Акулина была вдова, лет под тридцать. Продолговатое лицо ее было смугло, прекрасные серые глаза и томны и веселы по желанию; одета она была не богато и не бедно; всегда веселая, трудолюбивая и добрая, она была любима всеми, начиная с господ... Любовников у нее было множество; иногда ее били, но все это забывалось скоро, и она опять плясала, пела, смешила всех и работала, припевая.

Она плясала с упоением и приговаривала беспрестанно то то, то другое, подскакивала к пожилому столяру, который то мчался к ней, расправляя бороду, то многозначительно толокся на месте...

Уже месяц взошел; запахло коноплями.
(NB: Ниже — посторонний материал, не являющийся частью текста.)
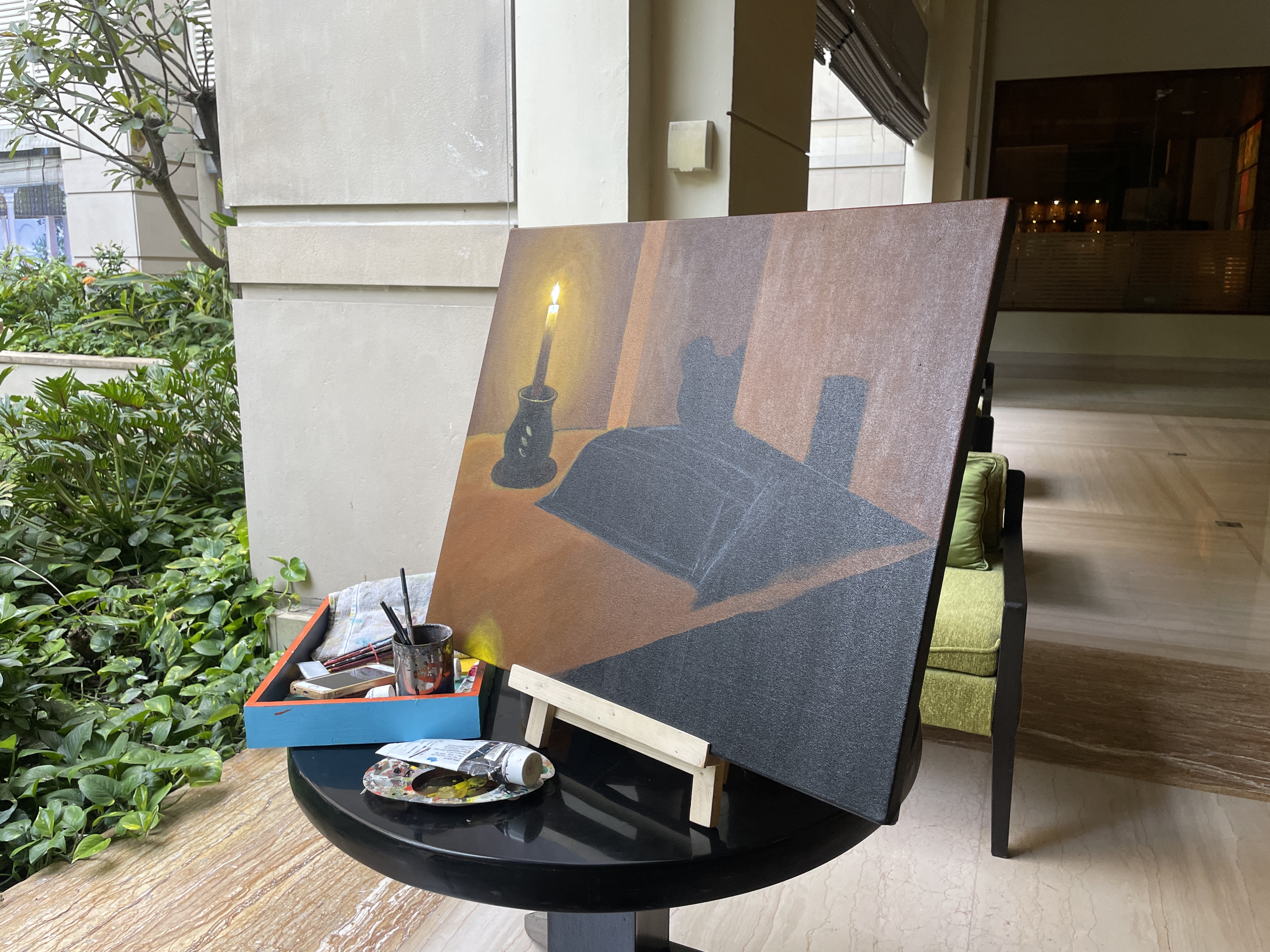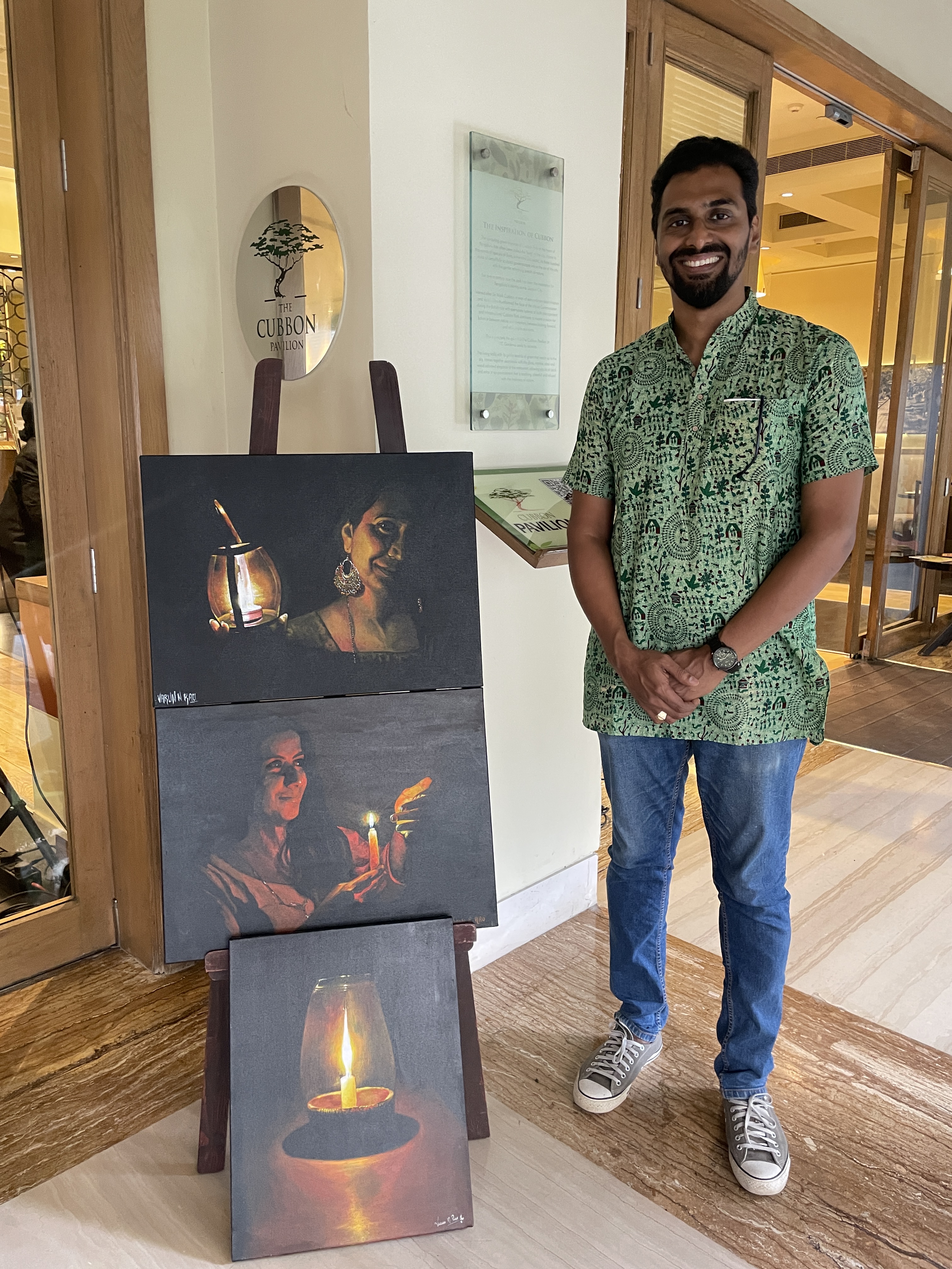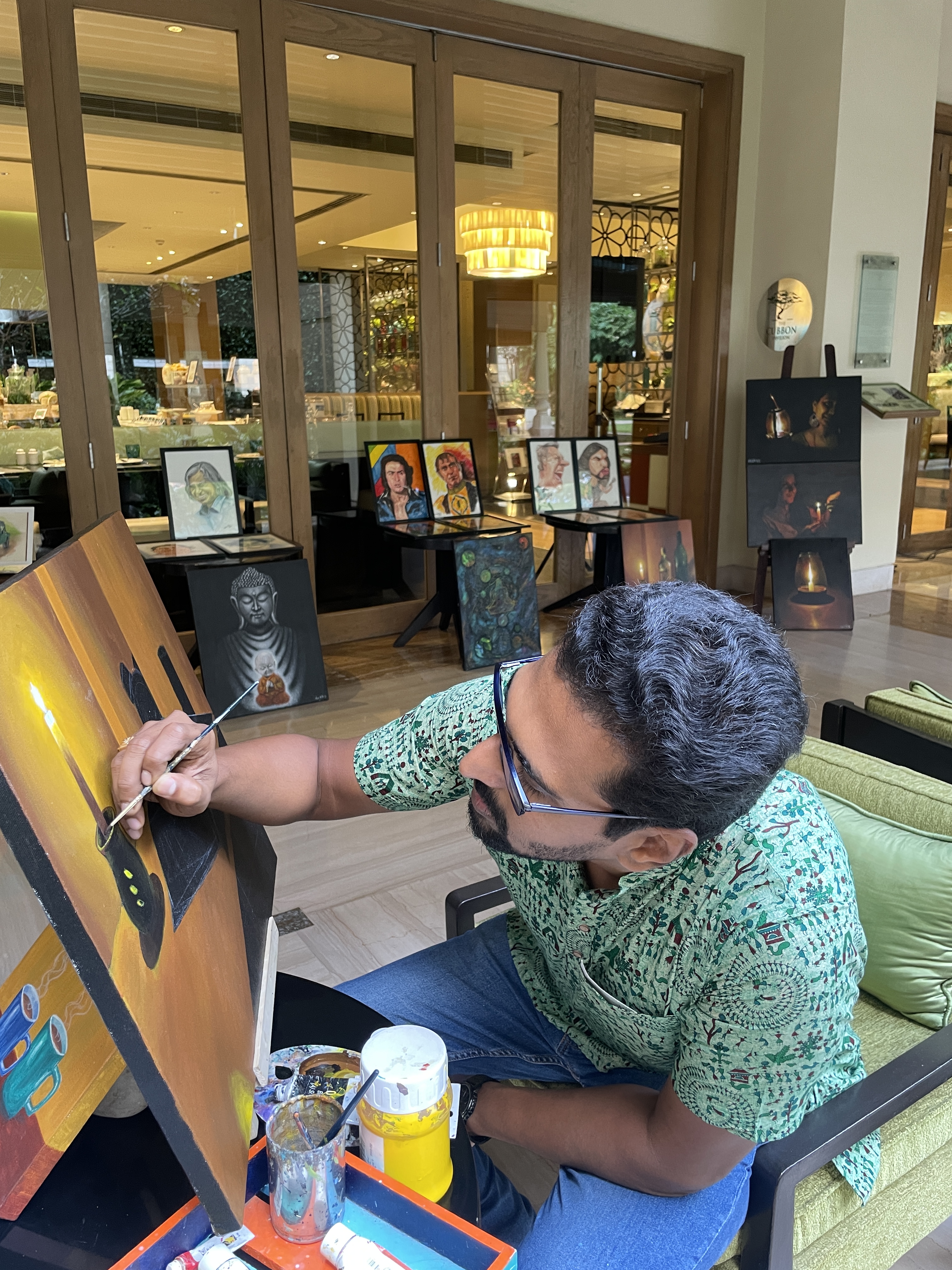 It was a wonderful experience to do live painting and exhibit my paintings at @itcgardenia It was a beautiful coincidence that on the eve of Teacher’s Day, I was working on a painting that focused on books and reading as a theme. 📚📚

Все молча, тихо любовались на пляску.

— Чем я не баба? — кричала вдруг Акулина. Или вдруг обращалась к столяру: — Поправь бороду... Я бородку люблю...

Махнув платком в сторону молодых господ, она сказала вполголоса: «Знакомые люди!» — Сарданапал, — сказал Лихачов, — это на твой счет... Ведь ты был один из первых... Милькеев, как бишь это у Шекспира... тот говорит... ну — Фальстаф.
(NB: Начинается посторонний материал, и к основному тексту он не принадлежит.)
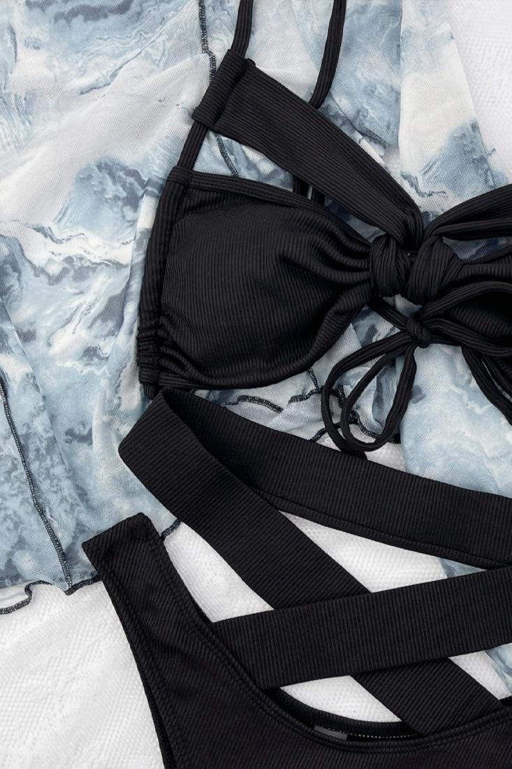 Black Ribbed Thick Strappy Cut-Out High-Waist Cheeky Sexy 2Pc Swimsuit Set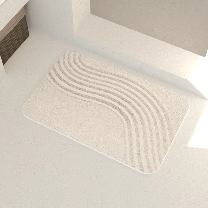 和モダンな侘寂スタイル!吸水性抜群のシリカゲルバスマット - 滑り止め付きでトイレやバスルームに最適、あなたの空間をおしゃれに演出します。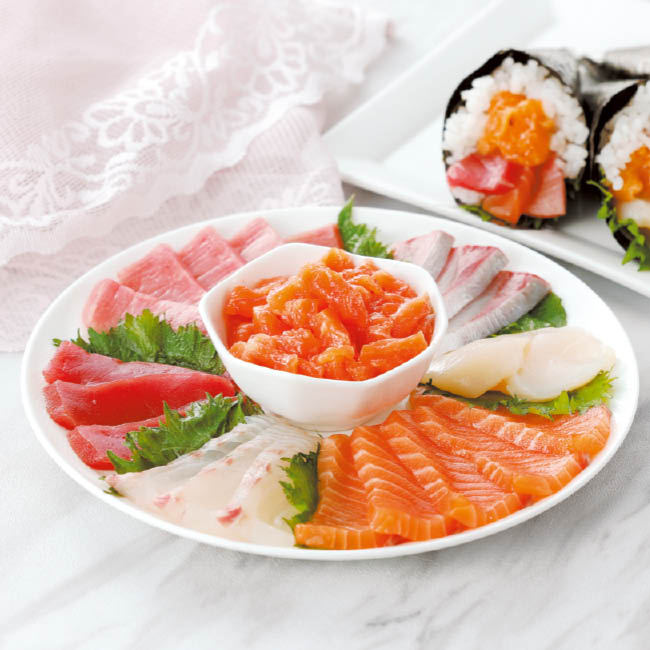本まぐろ中とろ6切・本まぐろ赤身4切・真鯛4切・ぶり4切・サーモン6切・ほたて4枚 寿司ネタサーモン100g ※寿司ネタのみのセットです。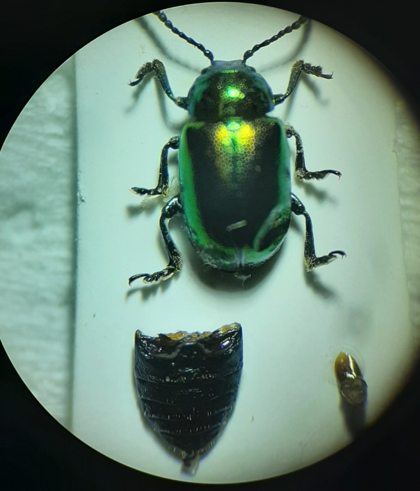 La lama di un bisturi sarebbe esageratamente grande per un crisomelidae. Puoi fartene uno facilmente, efficiente e adeguato come dimensioni, usando un pezzetto di lama di un rasoio monouso, montata con un pò di fantasia e due gocce di cianoacrilato su un bastoncino di legno.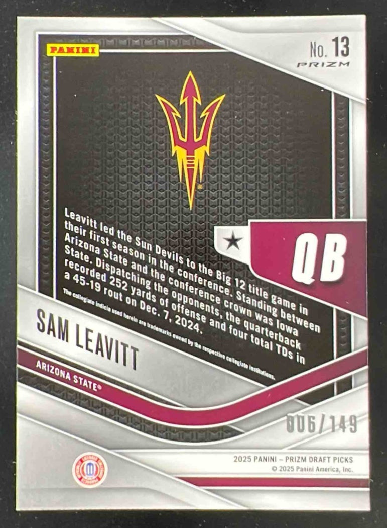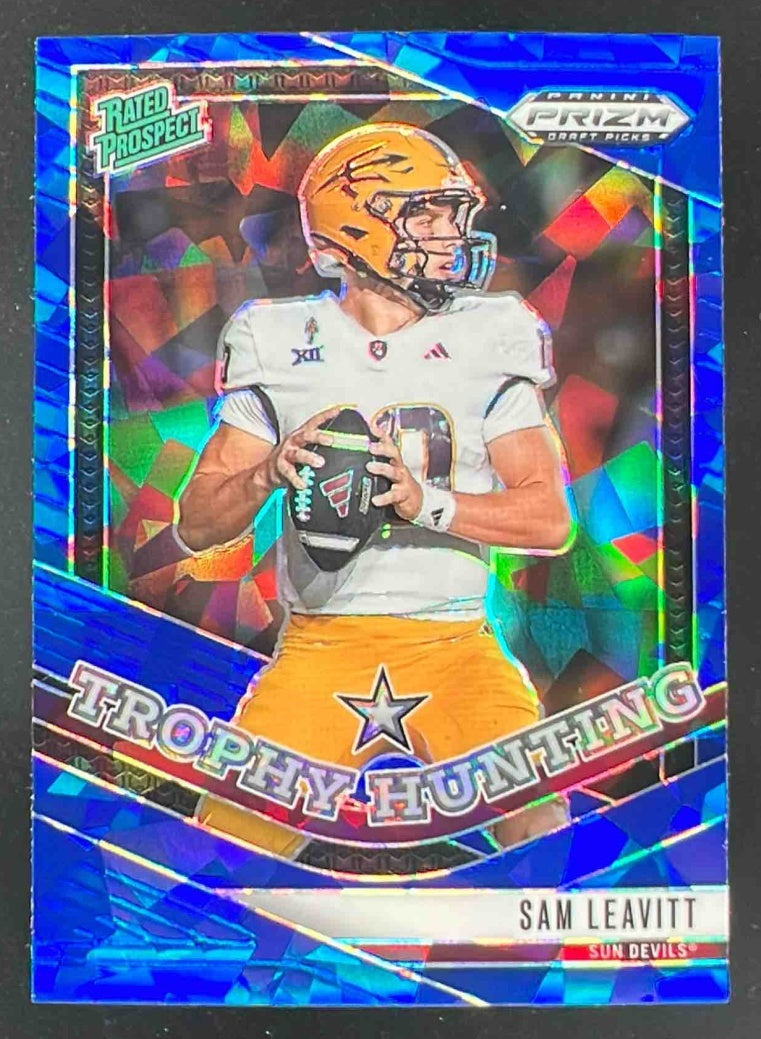 2025 Panini Prizm Draft Picks Trophy Hunting Blue Ice Prizm #13 Sam Leavitt /149

— Уж ученость-то, ради Христа, оставь, — закричал Сарданапал, — мало вам было сегодня... Вы с Мильке-евым мало разве об инфузориях электричества толковали... Просто смерть мне вас слушать... Зачем камень летит книзу, а не кверху?
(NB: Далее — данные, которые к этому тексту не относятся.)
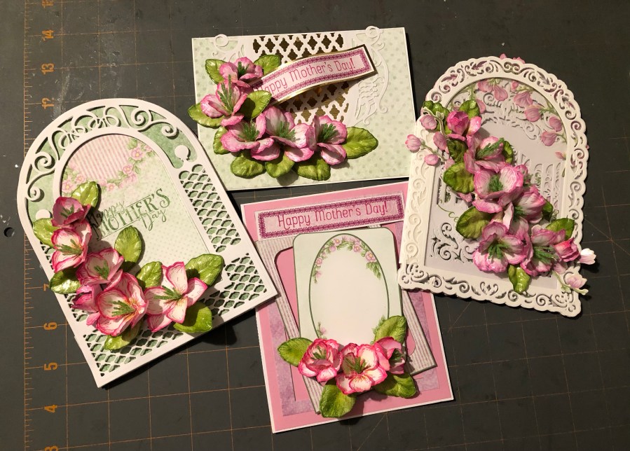 I attended a class on-line, and made four adorable Mothers Day cards, ranging in difficulty from extremely simple, to rather difficult.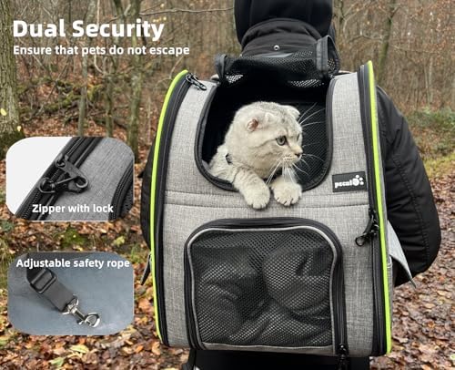 Pecute Cat Carrier Backpacks, Expandable Cat Backpack with Breathable Mesh, Pet Carrier Backpack for Cats Small Dogs Puppies Up to 17 Lbs, Dog Carrier Backpack Great for Travel Hiking Camping Outdoor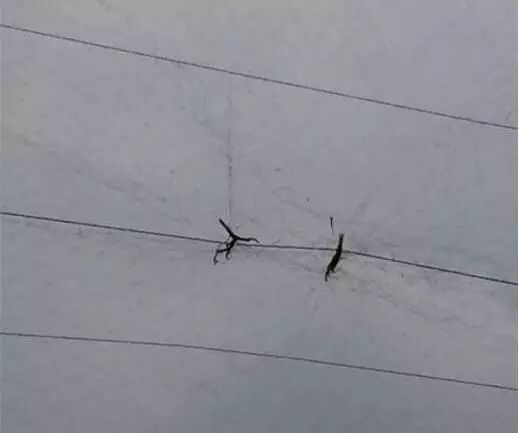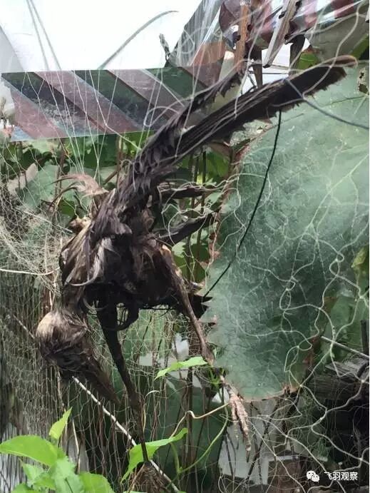 驱鸟带外,一张大型鸟网上一只椋鸟已死亡多时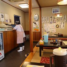 店内はテーブル席3、座敷席3と余り広くはありません。メニューは蕎麦に限らず、丼もの、定食、中華メニューもあり、選択肢が多いのが人気なのかもしれません。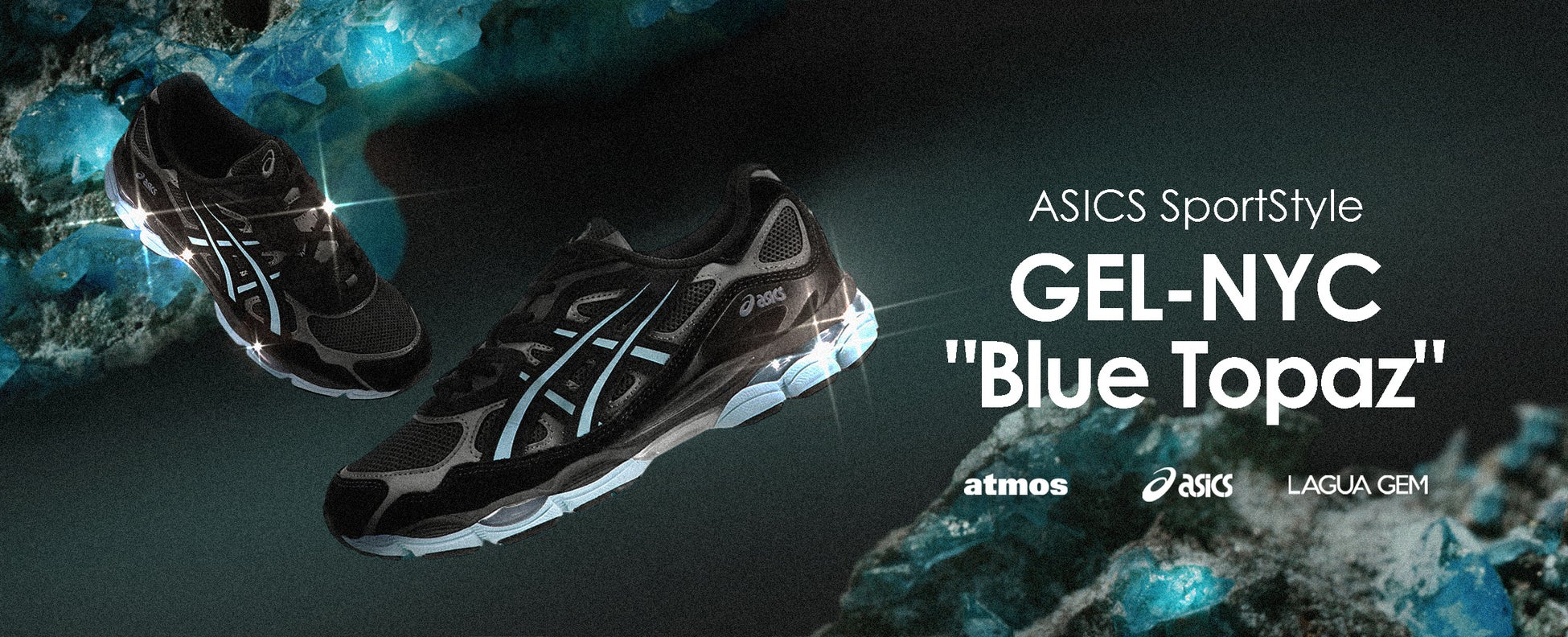 今作はレディースアパレルブランドの『LAGUA GEM(ラグア ジェム)』をサードパーティに迎え、共同デザインしたカラーリングをGEL-NYCに落とし込んだ。LAGUA GEMのブランド名の由来である『LAGUA GEM=⾚い⽯(ルビー)』に付随し、 atmosとのコラボレーションに因み 『⻘い宝⽯=ブルートパーズ』が今作のコンセプト。GEL-NYCの特徴でもあるヒール部分のGEL™︎、随所に配された光沢のあるダークシルバーパーツ、そしてリフレクター混合のシューレースが”宝⽯の輝き”を表している。アクセサリー同様に「常に⾝につけたくなるようなアイテム」として誰にでも寄り添うことの出来る⼀⾜に仕上がっています。

— Всякому свое, Павел Ильич, — отвечал Милькеев, — у вас одно, у других — другое... Вы — специалист по вашей части...

— У него разделение труда в доме доведено до крайности, — заметил Лихачов, — Паша, Настя, Катюша, Февронья, Хавронья... Это не шутя, у него есть Февронья и Хавронья.

— Февронья летняя, худенькая, а Хавронья зимняя.

— Нет, ты расскажи-ка лучше, как ты своими незаконными детьми выселки хочешь селить?

— И поселю; что возьмешь?

— Чорт знает, что это такое, — прошептал Милькеев, отходя прочь, — нам, доктор, в одну сторону, кажется? Поедемте вместе в тарантасе, а на ваших дрожках какой-нибудь мальчик за нами доедет... Лихачев даст мальчика... Мне очень нужно с вами поговорить... Где он? Лихачев?

Но Лихачев не отозвался, потому что приятель его, старый дед, совсем пьяный, заснул пренеудобно, вниз головой, свалившись с сена вуглу двора. Милькеев и Руднев увидали, как Лихачев вдвоем с кучером бережно отнесли на руках тяжелого старика под навес и уложили его в прохладе и покое.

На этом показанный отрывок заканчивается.